Pathology and pathophysiology: Stenosis results from the involvement of the cusps, commisures and the chordate of the mitral valve apparatus. The cusps become thickened and fibrosed, the commissures fuse and the chordate are thickened. Shortened and fused. These pathological processes cause distortion and narrowing of the mitral valve orifice. In longstanding cases, calcification develops. Normal mitral valve orifice is 4.5 cm2 in area. When it is reduced to 2.5cm2 ausculatatory findings are suggestive of mitral stenosis. Aperture size of 2.5-1.6cm2 is mild mitral stenosis and further reduction to 1.5-1.1cm2 leads to moderate stenosis. Valve area below 1cm2 is called critical stenosis.

In MS obstruction to left atrial blood entering the left ventricle leads to elevation of intra-atrial pressure (up to 25 mmHg). The left atrial pressure is reflected back in the pulmonary veins leading to pulmonary venous hypertension. Subsequently, pulmonary arterial hypertension sets in. The symptom and signs of pulmonary venous hypertension abate when arterial hypertension supervenes. Pulmonary arterial hypertension is the result of the following factors:

  1. Passive transmission of pulmonary venous pressure to the arteries;
  2. Reflex spasm of the arterioles in response to the rise in left atrial and pulmonary venous pressure and
  3. Structural changes in the pulmonary vascular bed.

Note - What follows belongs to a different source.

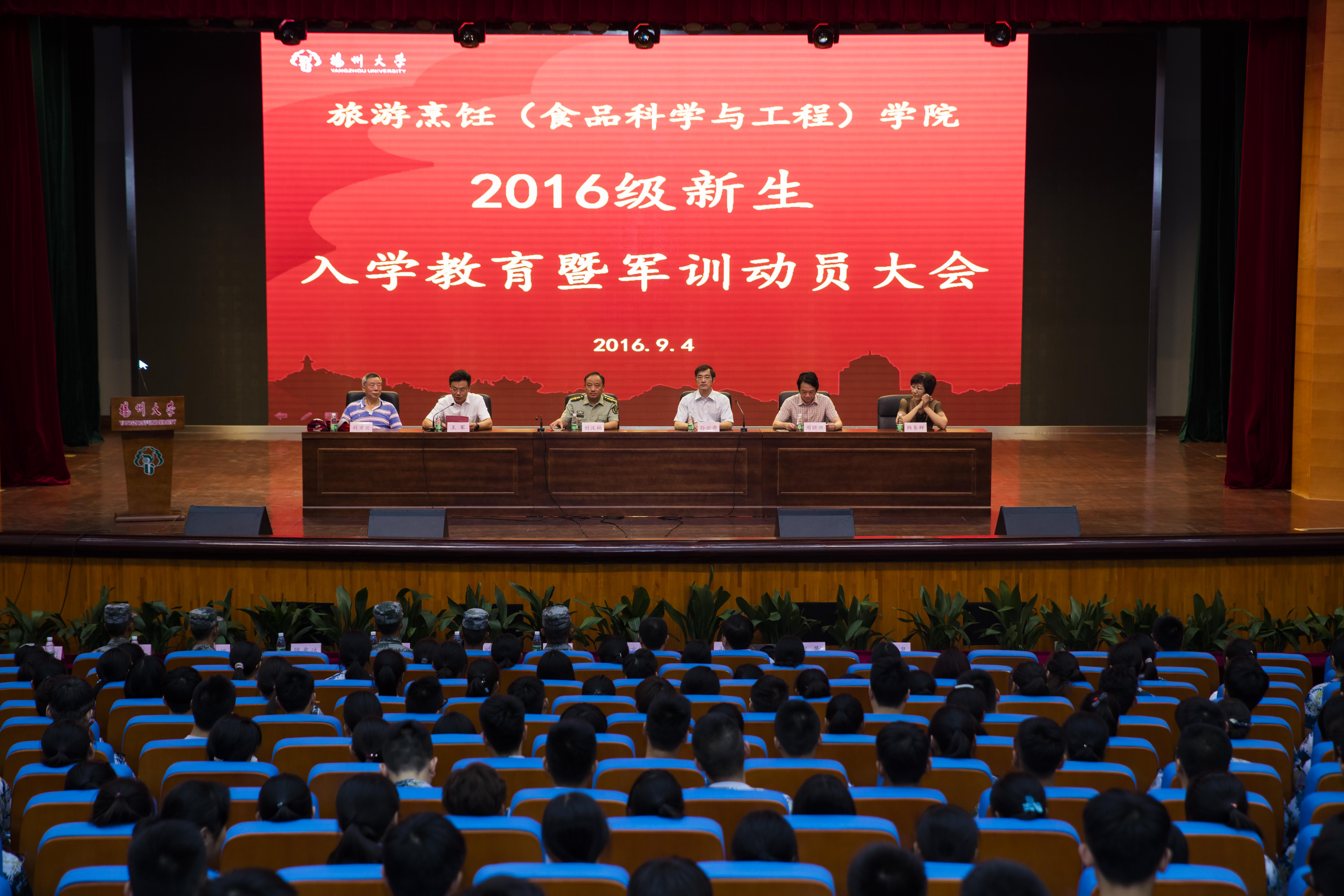 院党委书记孙云寿发表讲话,他告诫同学们大学是人生征途的新阶段,是追寻梦想的新起点, “工欲善其事,必先利其器”,向2016级全体新生提出了“主动适应”、“勤学多思”、“学会做人”、“学会发展”四个方面的建议,希望同学们能在旅游烹饪(食品科学与工程)学院度过快乐而又充实的四年。

Chronic pulmonary hypertension leads to right ventricular hypertrophy and eventually right ventricular failure and tricuspid regurgitation.

Mitral Stenosis

Exertion leads to tachycardia and increased venous return. These may cause sudden rise in left atrial pressure on account of the narrowed mitrial orifice.
Exertion leads to tachycardia and increased venous return. These may cause sudden rise in left atrial pressure on account of the narrowed mitrial orifice. | Source

Clinical Features

Symptoms: Mild to moderate MS may remain asymptomatic to be picked up on routine examination. Severe MS is always symptomatic. Commonest symptom is exertional dyspnea and its severity depends upon the degree of stenosis. Exertion leads to tachycardia and increased venous return. These may cause sudden rise in left atrial pressure on account of the narrowed mitrial orifice. This in turn causes pulmonary venous engorgement and reduced compliance of the lung which manifests as dyspnea, paroxysmal nocturnal dyspnea and orthopnea. Occasionally this may lead on to acute pulmonary edema. Patients with severe pulmonary arterial hypertension and congestive heart failure may experience fatigue, loss of appetite and occasionally chest pain. Other common symptoms are palpitation, cough and hemoptysis. Hemoptysis is an early symptom in MS. This may result from the following causes:

  1. Rupture of dilated intrapulmonary bronchial veins due to rise in pulmonary venous pressure;
  2. Recurrent bronchitis;
  3. Acute pulmonary edema; and
  4. Pulmonary infarction

Hemoptysis tends to subside as pulmonary arterial hypertension develops. In longstanding cases of mitral stenosis with gross enlargement of the left atrium, atrial fibrillation develops as a frequent complication. Atrial fibrillation predisposes to the formation of thrombi in the atria and further embolisation. In the younger age groups MS is the commonest cause of atrial fibrillation. Pregnancy aggravates the symptom of MS.